Narayana Arvind, Katz Nathaniel, Shillington Alicia C, Stephenson Judith J, Harshaw Qing, Frye Carla B, Portenoy Russell K
Teva Pharmaceuticals, Frazer, PA, USA Tufts University School of Medicine, Boston, MA, USA Analgesic Solutions, Natick, MA, USA EPI-Q, Inc, Oak Brook, IL, USA HealthCore, Inc, Wilmington, DE, USA Thayer County Health Services, Hebron, NE, USA MJHS Institute for Innovation in Palliative Care, New York, NY, USA.
Pain. 2015 Feb;156(2):252-259. doi: 10.1097/01.j.pain.0000460305.41078.7d.
The National Breakthrough Pain Study is a large observational study that assessed breakthrough pain (BTP) in a population of commercially insured community-dwelling patients with opioid-treated chronic pain. Eligible patients were identified from an administrative claims database, and consenting patients were asked to complete a structured telephone interview and several validated questionnaires.
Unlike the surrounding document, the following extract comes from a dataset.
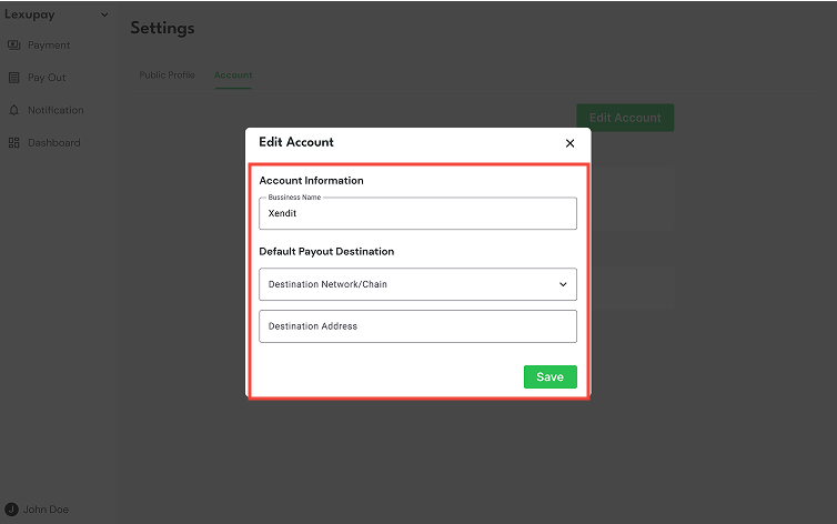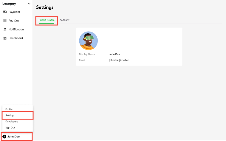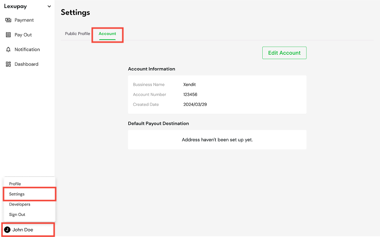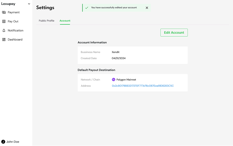 The settings page on LexuPay allows users to customize various aspects of their accounts. Here, users can manage their public profile, including displayed account name and email information. Additionally, users can view business details such as business name, account number, and account creation date. Users also have the option to update their business name, ensuring that all information remains accurate and meets business needs.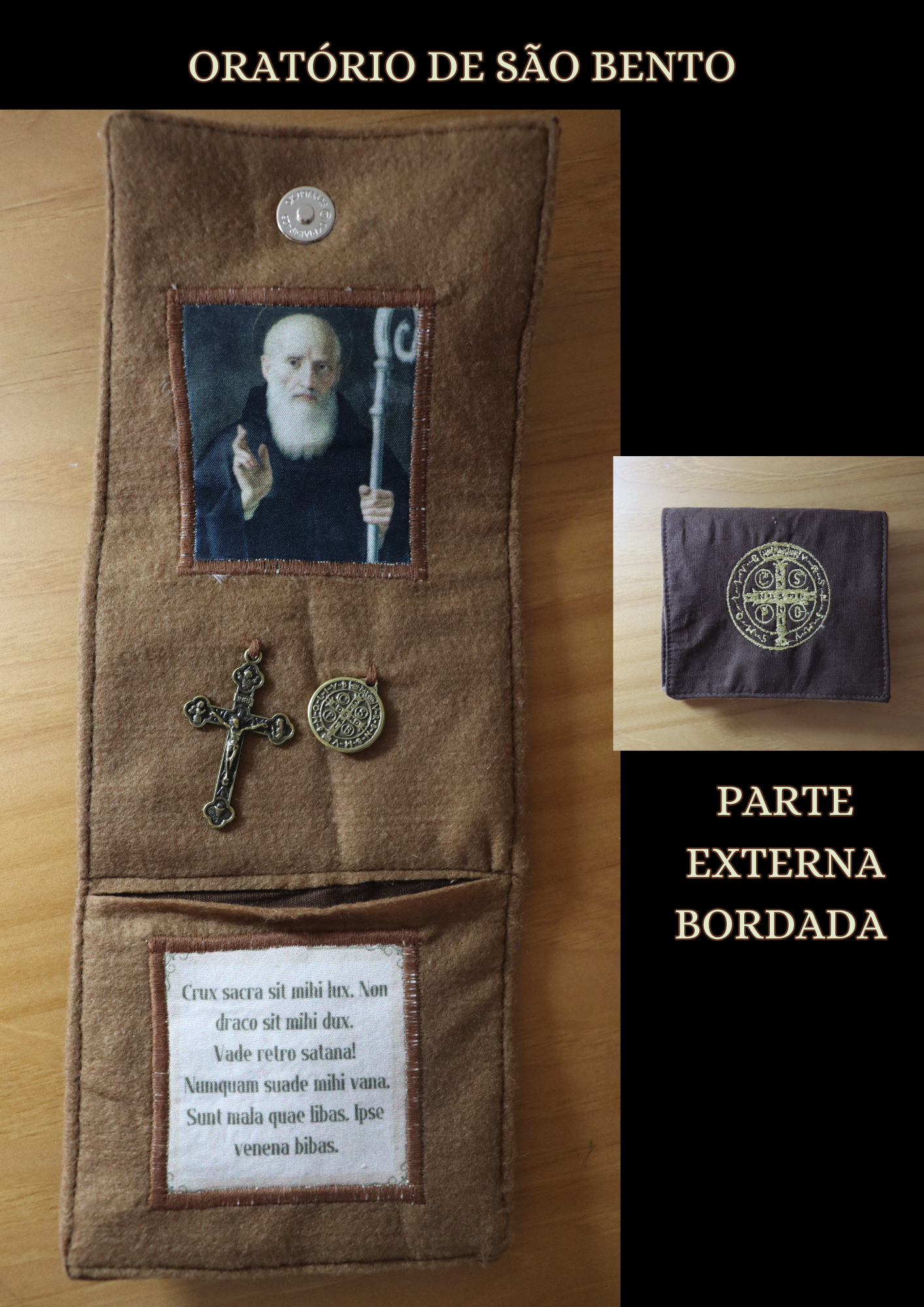 Oratórios de bolso são como uma mini capela, são próprios para serem levados em viagens ou quando se vai sair de casa. São feitos em tecido, com as orações também impressas em tecido, medalhas e imagens diferentes.

Questionnaires assessed pain interference with function (Brief Pain Inventory-Short Form), health status (Short Form 12 [SF-12] Health Survey), disability (Sheehan Disability Scale), work performance (World Health Organization Health and Work Performance Questionnaire), and mood (Generalized Anxiety Disorder-7 Screener [GAD-7] and Patient Health Questionnaire-2 [PHQ-2]). Of 2198 patients interviewed, 1278 patients had persistent pain controlled with opioid therapy; 1023 (80%) of these patients reported BTP. Patients had a median of 2.0 episodes of BTP per day (range, 1-50) and a median duration of BTP of 45 minutes (range, 1-720). Compared with patients without BTP, patients with BTP had more pain-related interference in function (Brief Pain Inventory, mean ± SD: 34.2 ± 15.6 vs 25.0 ± 15.7 [P < 0.001]), worse physical health (SF-12 physical component score: 29.9 ± 9.6 vs 35.1 ± 10.4 [P < 0.001]) and mental health (SF-12 mental component score: 47.4 ± 11.3 vs 49.3 ± 10.4 [P < 0.001]), more disability (Sheehan Disability Scale global impairment score: 15.1 ± 9.1 vs 10.6 ± 8.5; World Health Organization Health and Work Performance Questionnaire absolute absenteeism: 12.4 ± 59.9 vs 7.7 ± 44.9 hours [both P < 0.001]), and worse mood (GAD-7 score: 7.4 ± 5.9 vs 5.9 ± 5.4; PHQ-2 anhedonia score: 1.2 ± 1.1 vs 0.9 ± 1.0 [both P < 0.001]). In this population of community-dwelling patients with opioid-treated chronic pain, BTP was highly prevalent and associated with negative outcomes. This burden of illness suggests the need for specific treatment plans.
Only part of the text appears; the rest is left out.